The stock market mounted a comeback on Wednesday morning, as major market benchmarks managed to rise and claw back some of their losses from recent sessions. There are still plenty of uncertainties on Wall Street, but the ongoing flood of earnings reports is painting an optimistic picture of a brighter future. As of just before 11 a.m. EDT, the Dow Jones Industrial Average (DJINDICES:^DJI) was up 194 points to 34,015. The S&P 500 (SNPINDEX:^GSPC) gained 15 points to 4,150, and the Nasdaq Composite (NASDAQINDEX:^IXIC) was higher by 28 points at 13,815.
The cruise ship industry has been one of the hardest-hit sectors of the economy, and operators like Norwegian Cruise Line Holdings (NYSE:NCLH) still face an uncertain future. Nevertheless, investors were feeling more upbeat on Wednesday about its prospects for the long run. Meanwhile, oil services giant Halliburton (NYSE:HAL) gave investors some insight into what’s happening in the volatile energy sector.

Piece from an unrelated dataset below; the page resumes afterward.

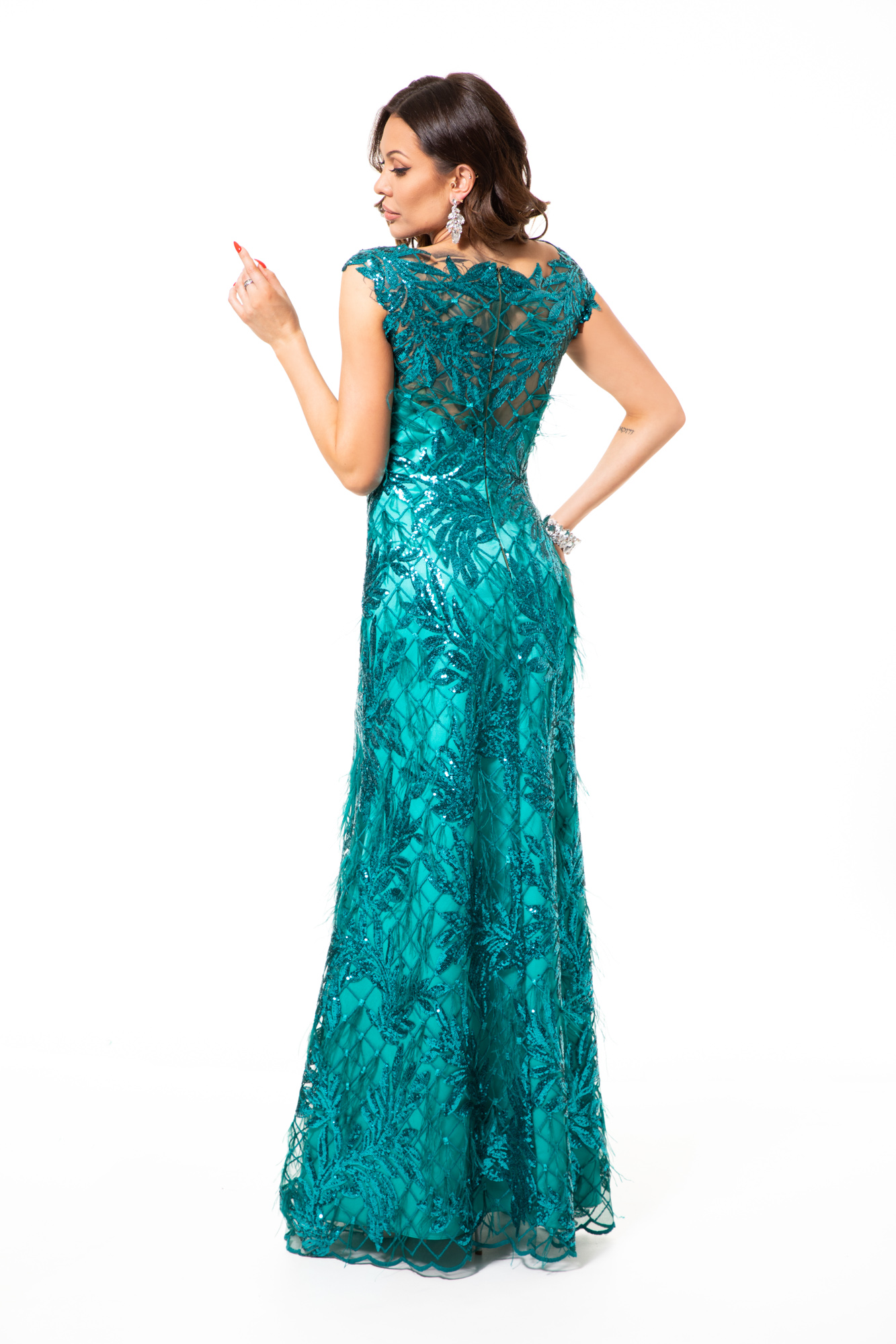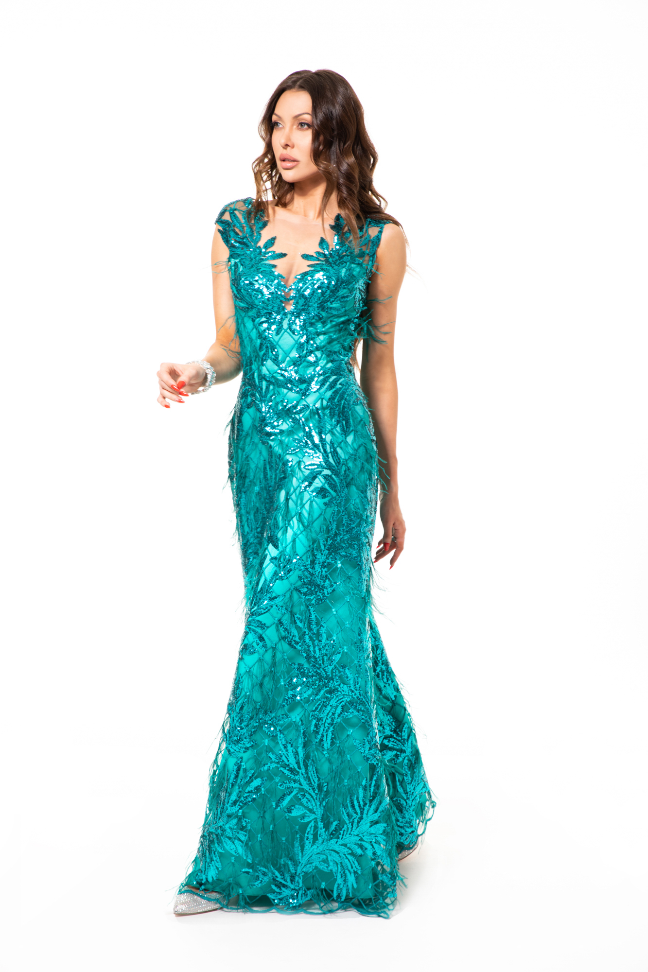 Suknia SZMARAGD – suknia w fasonie dopasowanym do linii bioder, lekko rozchodząca się w trapez ku dołowi. Szerokie ramiączka przechodzące w głęboki dekolt z przodu, pięknie wykończony elementami koronki. Plecy zabudowane koronką na tiulu, dające efekt przeźroczystości. Mocno zaakcentowana linia talii i bioder świetnie podkreśla kobiece kształty, natomiast lekko rozkloszowany dół nie ogranicza i nie krępuje ruchów. Suknia uszyta jest z satyny pokrytej oryginalną i nowoczesną koronką, łączącą w sobie zarówno wzory kwiatowe jak i geometryczne, obszyta cekinami i piórami. Nietuzinkowy kolor szmaragdowy sukni sprawia, że świetnie sprawdzi się ona na wieczorowe wyjścia jak i na wesela. Oryginalność sukni jeszcze bardziej podkreśli biżuteria z kryształów Swarovskiego.
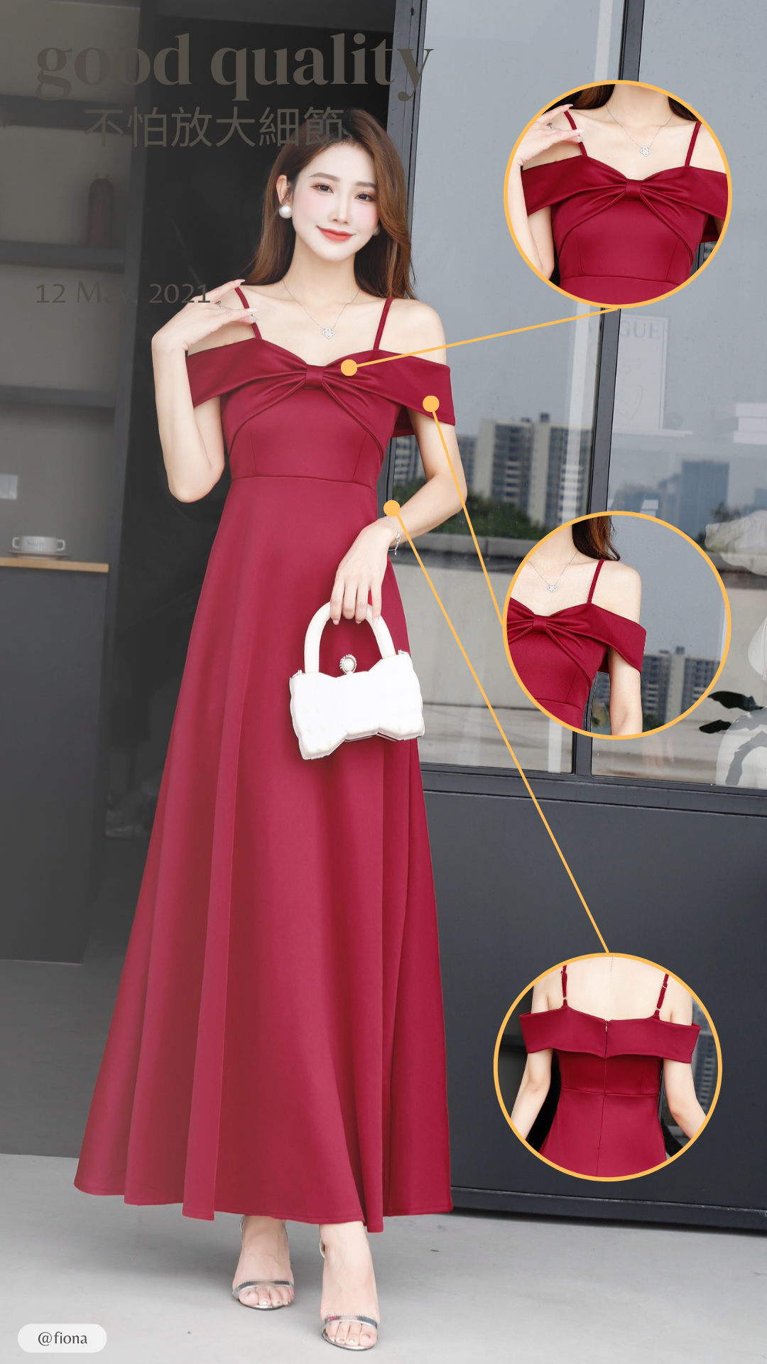 酒紅色蝴蝶結一字肩長洋 (F03)

A vote of confidence for Norwegian
Shares of Norwegian Cruise Line Holdings were up almost 8% on Wednesday morning. Investors reacted favorably to positive comments about the cruise ship company from Wall Street analysts.
Goldman Sachs upgraded Norwegian’s stock from neutral to buy late Tuesday afternoon after the market closed. It set a price target of $37 on Norwegian shares, up by $10 from its previous projection.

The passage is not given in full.